+++ Listed records
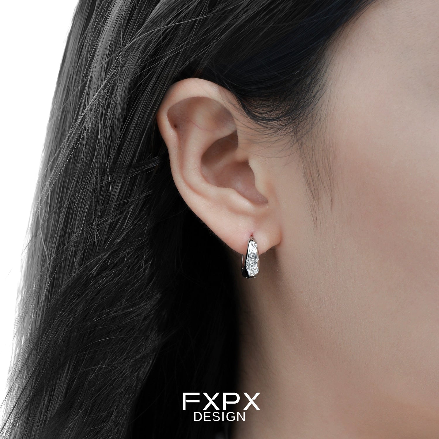 Metallic Fracture Silver Ear Clips
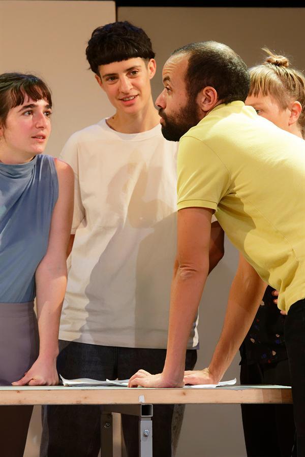 Souvent Adeline Rosenstein est derrière son pupitre, occupée à nous communiquer ce qu’elle a pu rassembler et ce qu’elle a pu comprendre : faits, cartes, arguments. Mais souvent aussi, elle laisse la scène à ses acteurs pour des saynètes, issues entre autres de pièces arabes inconnues ici, qui reconstruisent autrement dans l’espace les questions que pose et se pose la conférencière. Nous sommes donc deux fois les témoins de ce long conflit : en tant que citoyens et en tant que spectateurs.
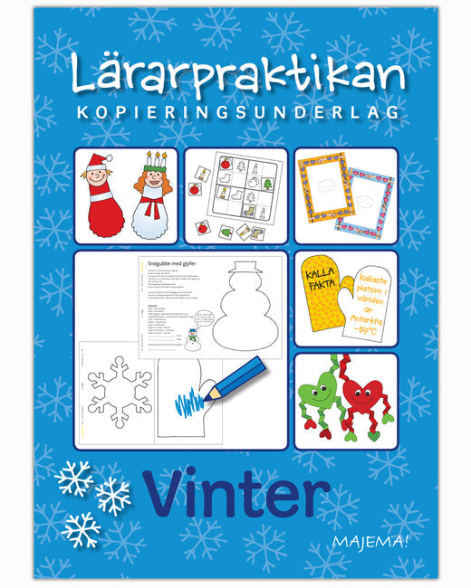 I Lärarpraktikan vinter hittar du handledning med en mängd idéer och förslag på teman som anknyter till vintern på olika sätt, samt arbetsblad som kopieringsunderlag. Här finns också tips på hur du på ett årstidsanknutet sätt kan visa upp elevarbeten på anslagstavlor och väggar. Exempel på teman är: Advent och jul, Nobeldagen, Nytt år, Kompisdag. Handledningen är i färg och kopieringsunderlagen i svartvitt.
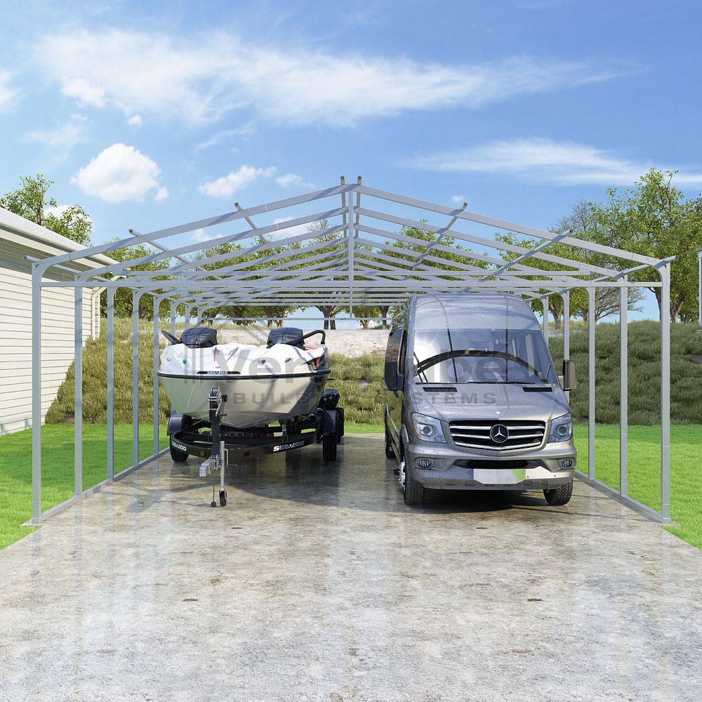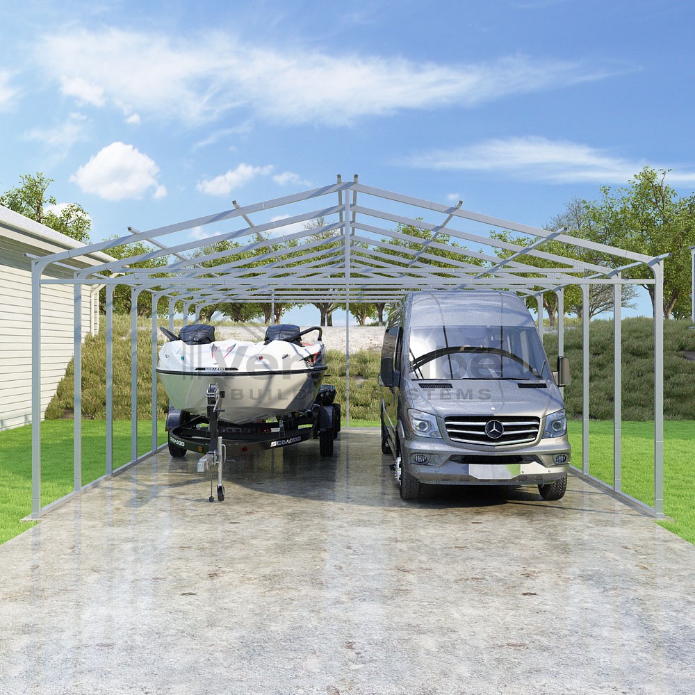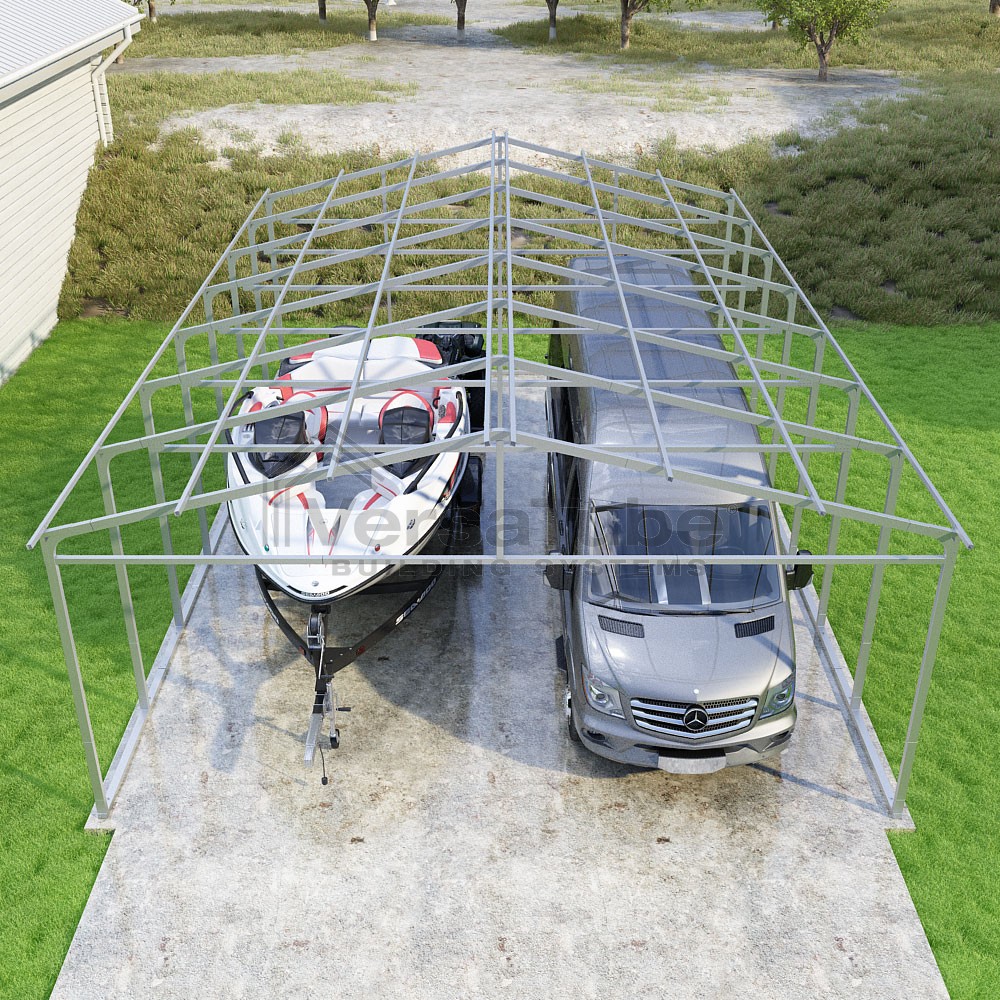 Pinnacle Series DIY carport frame kit includes roof purlins for applying sheet metal panels vertically (sold separately) in a traditional or common gable style manner.
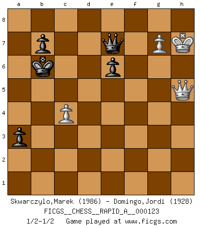 Last move : 1/2-1/2 2012 November 5 13:50:42 [Event "FICGS__CHESS__RAPID_A__000123"] [Site "FICGS"] [Date "2012.04.03"] [Round "1"] [White "Skwarczylo,Marek"] [Black "Domingo,Jordi"] [Result "1/2-1/2"] [WhiteElo "1986"] [BlackElo "1928"] 1.d4 h6 2.e4 c5 3.d5 d6 4.Nc3 g5 5.h4 g4 6.Bb5+ Nd7 7.Qxg4 Ngf6 8.Qf4 Rg8 9.g3 Ng4 10.a4 Bg7 11.Nf3 a6 12.Be2 h5 13.Qd2 Nde5 14.Nxe5 Bxe5 15.a5 Bd7 16.Nd1 e6 17.Bc4 Qc7 18.c3 O-O-O 19.Ne3 Rde8 20.Qe2 Kb8 21.Qf3 Bc8 22.O-O Nxe3 23.Bxe3 Rg4 24.dxe6 fxe6 25.Bd3 Reg8 26.Bg5 d5 27.Kh1 c4 28.Bc2 Bd7 29.Qe3 dxe4 30.Bd1 R4xg5 31.hxg5 Bc6 32.Kg2 h4 33.Be2 hxg3 34.fxg3 Qe7 35.Bxc4 Rxg5 36.Rf8+ Qxf8 37.Qxg5 e3 38.Kh3 Bc7 39.Rf1 Qh8+ 40.Qh4 Qg7 41.Be2 Bxa5 42.Qh5 Bc7 43.g4 Qg8 44.Qh6 Bd6 45.Rf6 Ka8 46.Qxe3 Qh7+ 47.Rh6 Qb1 48.Rh8+ Bb8 49.Rxb8+ Kxb8 50.g5 Kc7 51.Kg3 a5 52.Bg4 a4 53.Kf4 Qxb2 54.g6 Qh2+ 55.Kg5 Qd6 56.g7 Qe7+ 57.Kg6 Be8+ 58.Kh7 Bf7 59.Qe5+ Kb6 60.Qd4+ Kc7 61.Qc4+ Kb6 62.Qd4+ Kc7 63.Qe5+ Kb6 64.Bh5 Bxh5 65.Qxh5 a3 66.c4 1/2-1/2 Queen's pawn Queenside Castling by player Black (move 18) Kingside Castling by player White (move 22) 10 pieces endgame at move 64 : White KQPP , Black KQBPPP WHITE : King + 1 Queen 2 Pawns BLACK : King + 1 Queen 1 Bishop 3 Pawns 9 pieces endgame at move 65 : White KQPP , Black KQPPP WHITE : King + 1 Queen 2 Pawns BLACK : King + 1 Queen 3 Pawns This chess game ended in a draw. Follow this game move after move (download)You know, comrade Pachman, I don't enjoy being a Minister, I would rather play Chess like you. (Che Guevara) Ich bin es gewohnt, das die Jugend mir überhaupt keinen Respekt entgegenbringt. (Alexander Morozewich) Si tu oponente te ofrece un empate, trata de averiguar porque piensa él que esta en una posición peor. (Nigel Short) Aux échecs, l'amour-propre est satisfait quand on remporte la victoire, mais il n'y a pas de honte à être battu. (Benjamin Franklin) Panic is a sudden desertion of us, an a going over to the enemy of our imagination. (Christian Nevell Bovee)
++++++
Give again, exactly, the lines starting at the first entry above and ending at the line with "Souvent Adeline Rosenstein"; please leave pictures out.

Response below:
 Metallic Fracture Silver Ear Clips
 Souvent Adeline Rosenstein est derrière son pupitre, occupée à nous communiquer ce qu’elle a pu rassembler et ce qu’elle a pu comprendre : faits, cartes, arguments. Mais souvent aussi, elle laisse la scène à ses acteurs pour des saynètes, issues entre autres de pièces arabes inconnues ici, qui reconstruisent autrement dans l’espace les questions que pose et se pose la conférencière. Nous sommes donc deux fois les témoins de ce long conflit : en tant que citoyens et en tant que spectateurs.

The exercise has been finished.